Villin immunohistochemistry is a reliable method for diagnosing microvillus inclusion disease.

The American journal of surgical pathology (2014-12-18)
Nick M Shillingford, Monica L Calicchio, Lisa A Teot, Theonia Boyd, Kyle C Kurek, Jeffrey D Goldsmith, Athos Bousvaros, Antonio R Perez-Atayde, Harry P W Kozakewich
ANOTACE

Microvillus inclusion disease (MVID) is a rare congenital disorder that manifests early in infancy as intractable watery diarrhea. The entity is characterized morphologically by a deficient brush border and apical cytoplasmic inclusions within absorptive cells (enterocytes) due to misplaced assembly of brush border proteins. The diagnosis is based upon histopathology, special stains, immunohistochemistry (IHC), and ultimately upon electron microscopy. Currently, the periodic acid-Schiff stain (PAS) and CD10 IHC are commonly used as adjuncts, but in addition to brush border structures, they stain a variety of apical cytoplasmic inclusions and organelles, thereby interfering with recognition of microvillus inclusions. Villin is a protein that specifically binds to the actin core bundle of microvilli. We utilized villin IHC in formalin-fixed paraffin-embedded gastrointestinal biopsies from 6 patients with MVID, 5 with celiac disease, and 17 children with normal intestinal biopsies and compared the results with those obtained with CD10 IHC and PAS staining.
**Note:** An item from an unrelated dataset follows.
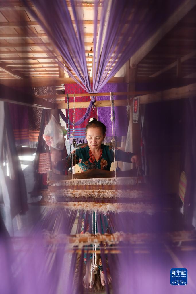 10月18日,云南省景洪市勐罕鎮(zhèn)曼聽村傣族婦女在非遺展示區(qū)制作傣錦。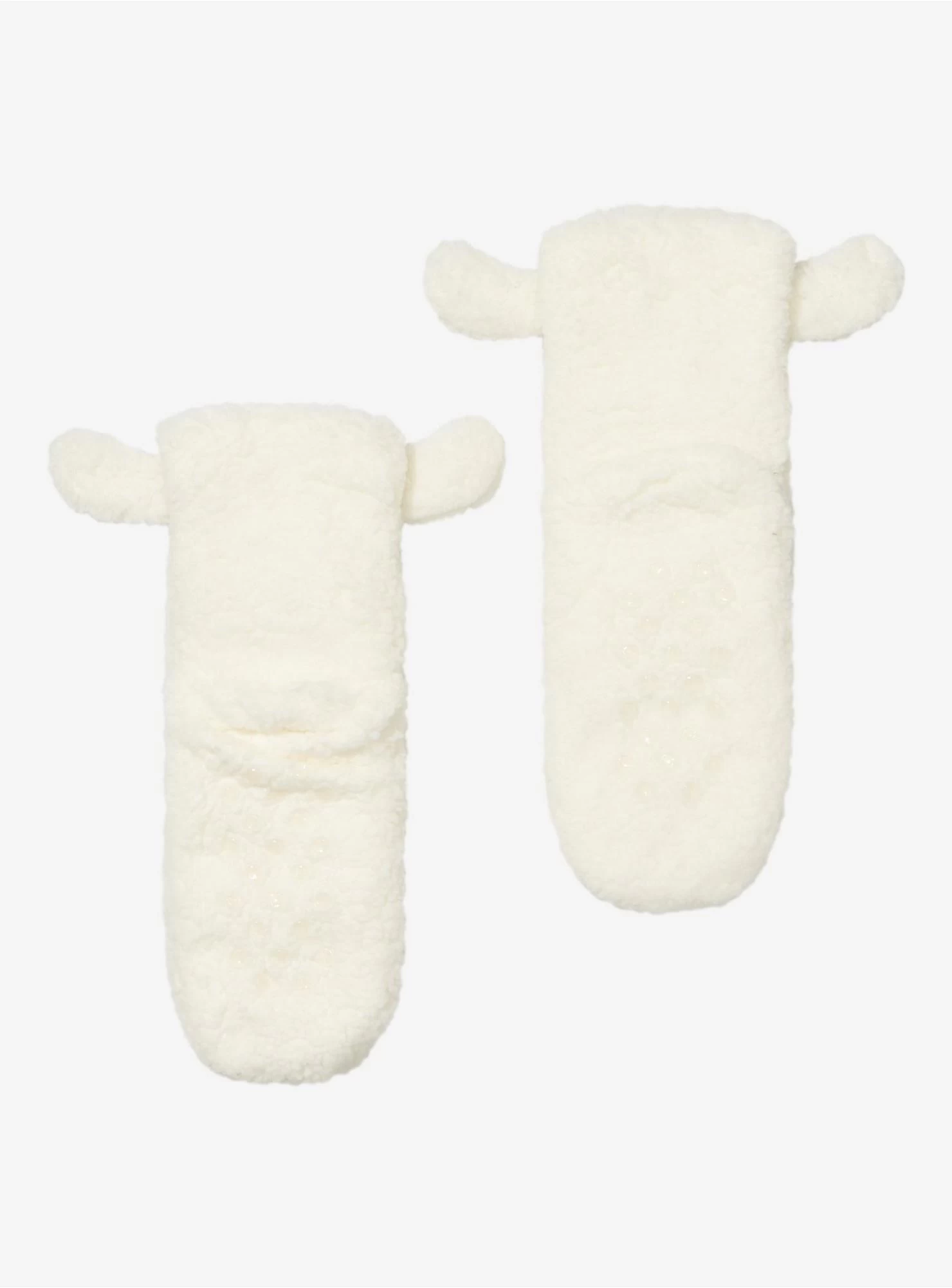 Cuddle up for a cozy night in with your Sanrio bestie. These fuzzy socks feature Cinnamoroll’s face embroidered at the top with 3D ear detailing. Comes with non-slip grips on the bottom.

All MVID cases had confirmatory electron microscopy at the time of diagnosis. Villin immunoreactivity was restricted to the brush border in the control groups. In MVID, villin IHC showed attenuation or loss of the surface brush border and also highlighted the cytoplasmic microvillus inclusions with clarity. In MVID, CD10 IHC and the PAS stain also showed attenuation or loss of the surface brush border, but staining of a variety of cytoplasmic structures largely obscured the microvillus inclusions. In sum, villin IHC is a reliable and superior adjunct in the diagnosis of MVID. Study of additional cases will determine whether villin IHC would obviate the need for electron microscopic confirmation.